The speaker’s recollection of Professor F is tinged with both admiration and bitterness. His lectures on Shakespeare, infused with the “alcoholic timbre of his brogue,” captivated his students, even as his personal life served as fodder for gossip. For the speaker, he represents an unattainable ideal, both intellectually and emotionally. Her solitary triumph—an “isolated A” earned by studying Hamlet’s “O that this too too solid flesh would melt”—is overshadowed by her parents’ waning hopes and her own self-perception as “fat, and pining for a boy.” This contrast between academic achievement and personal despair highlights the dissonance of the speaker’s college experience, where outward success masks inner turmoil.

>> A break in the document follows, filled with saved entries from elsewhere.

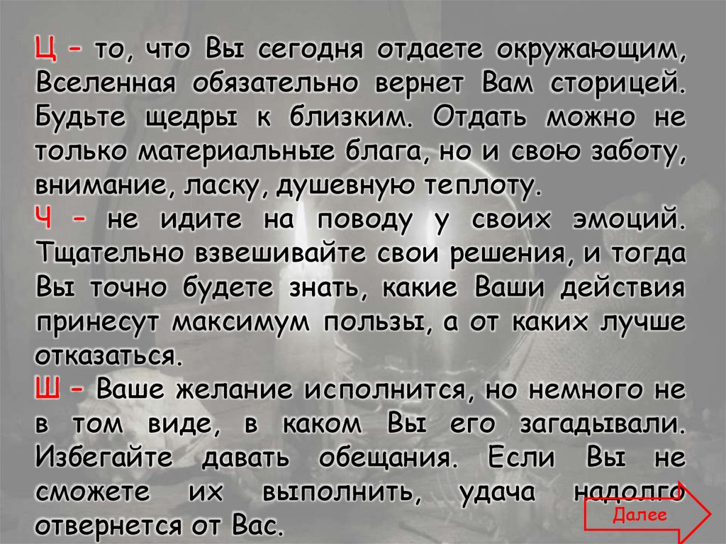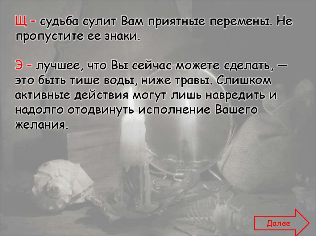 Щ – судьба сулит Вам приятные перемены. Непропустите ее знаки.
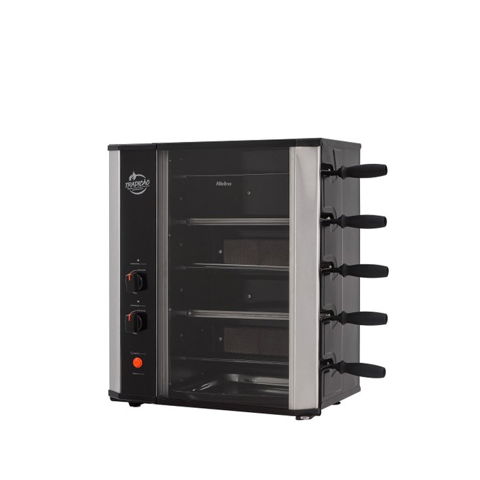 ASSADOR A GÁS TRADIÇÃO ACENDIMENTO AUTOMÁTICO M 1/30. Beneficios: Maior durabilidade; Maior praticidade para a higienização e maior durabilidade; O único com painel em vidro temperado que facilita a igienização e garante maior durabilidade; Suporta temperatura até 550 graus não propagando chamas; Dissipa melhor o calor evitando a concentração de altas temperaturas no cabo do espeto que pode ocasionar queimaduras; Maior resistência,durabilidade e fácil higienização
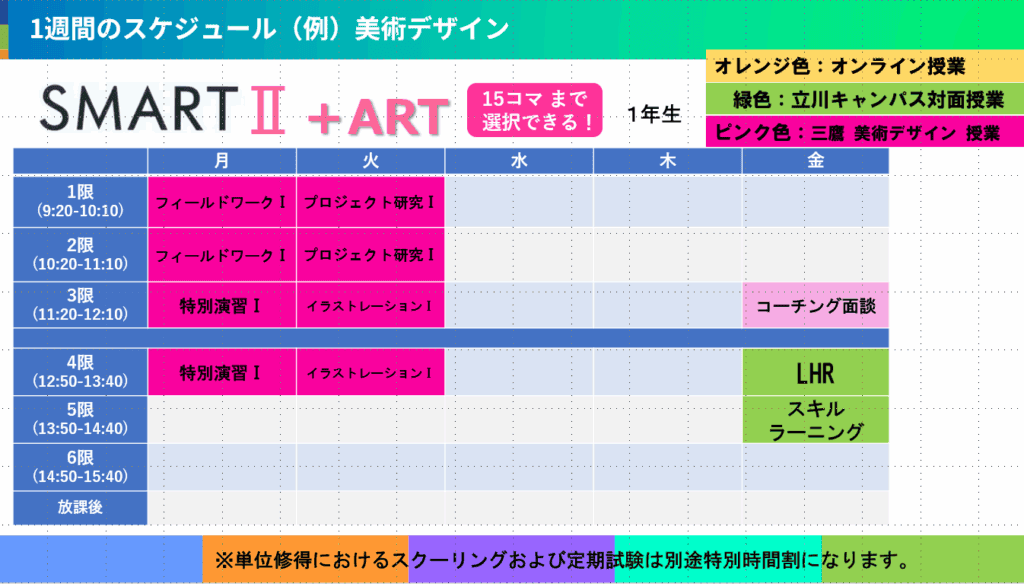 現在、立川キャンパスで、美術デザインコースに通っている生徒の時間割をお見せします!
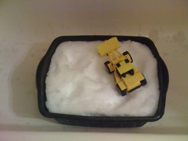 Another great way to let littles play with the snow is to bring a bowlful or bin inside to play with. We have found setting it up in a bathtub or a walk-in shower helps to contain the mess. Diggers, cars, Calico Critters... the possibilities of things they could play with in their own are endless.
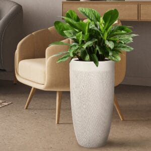 Напольное кашпо для цветов IDEALIST Страйп, круглое, цвет айвори, Д31.5 В43 см, 15 л, 4 кг
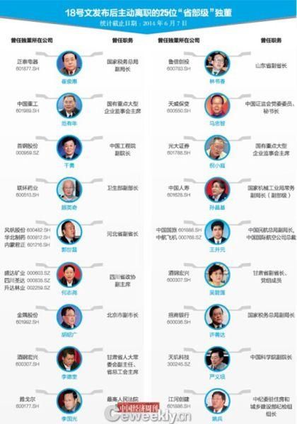 《中国经济周刊》记者梳理统计,从2013年10月19日至2014年6月7日,其间共有25位“省部级”独董离任,涉及31家上市公司。
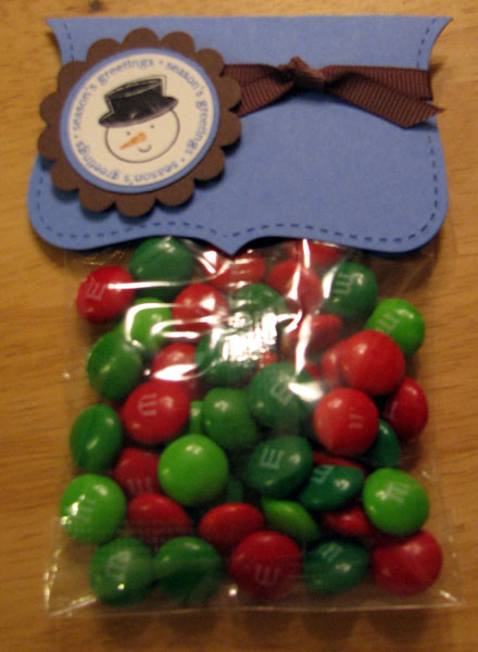 We filled the little bags with treats and stapled them to the back of the topper. Then I tied the ribbon around it. We used the scallop punch, the 1 3/8 Circle Punch and the 1 1/4 Circle Punch to create our little tags.

As the poem unfolds, the speaker’s memories become increasingly vivid and raw. The references to The Horizontal Man serve as a framework for revisiting her own struggles with mental health and societal judgment. The “unwomanly physician” and the “psychiatrist from Springfield” evoke a clinical coldness, reflecting the era’s stigmatization of mental illness and the speaker’s sense of alienation. Her confinement to campus for an “indiscretion” adds another layer of shame and vulnerability, as she recalls lying on her “restricted cot” and memorizing soliloquies as if her life depended on it. This image of confinement, both physical and emotional, underscores the speaker’s feelings of entrapment and her desperate attempts to find meaning and identity.

Mazur’s language masterfully conveys the gothic, almost claustrophobic atmosphere of the speaker’s college years. Phrases like “the scrollery iron gate” and “Paradise Pond” evoke a sense of decay and isolation, while the recurring image of the examination hall filled with “victims and perpetrators” captures the speaker’s ongoing sense of inadequacy and dread. The “classic college nightmare” of unread books and unfulfilled expectations becomes a metaphor for the speaker’s broader anxieties about her place in the world and her ability to meet its demands.

The poem’s exploration of literature as both a refuge and a source of pressure is particularly poignant. Shakespeare’s soliloquies, memorized in moments of despair, serve as a lifeline for the speaker, offering a language through which she can articulate her fears and desires. Yet, these same soliloquies underscore her sense of unworthiness, as she sees herself as the “unversed girl I never stop becoming.” This tension between the solace and the demands of literature mirrors the speaker’s broader struggle to reconcile her intellectual aspirations with her emotional realities.

The closing lines of the poem bring the narrative full circle, as the speaker reflects on the death of her former professor and her own sleepless nights spent reading. The novel’s “bloody weapon on the cover” becomes a symbol of the unresolved conflicts and traumas that continue to haunt her. The dream she tries to avoid—of a gothic campus filled with victims and perpetrators—is a reminder of the ways in which the past lingers, shaping her identity and her relationship with the world.

“Horizontal Man” is ultimately a meditation on the interplay between fiction and reality, past and present, and achievement and failure. Mazur captures the complexity of memory, where moments of triumph and despair coexist, and where literature serves as both a mirror and a means of escape. The poem’s rich imagery and introspective tone invite readers to reflect on their own formative experiences, the weight of their personal histories, and the ways in which we carry the unresolved narratives of our lives.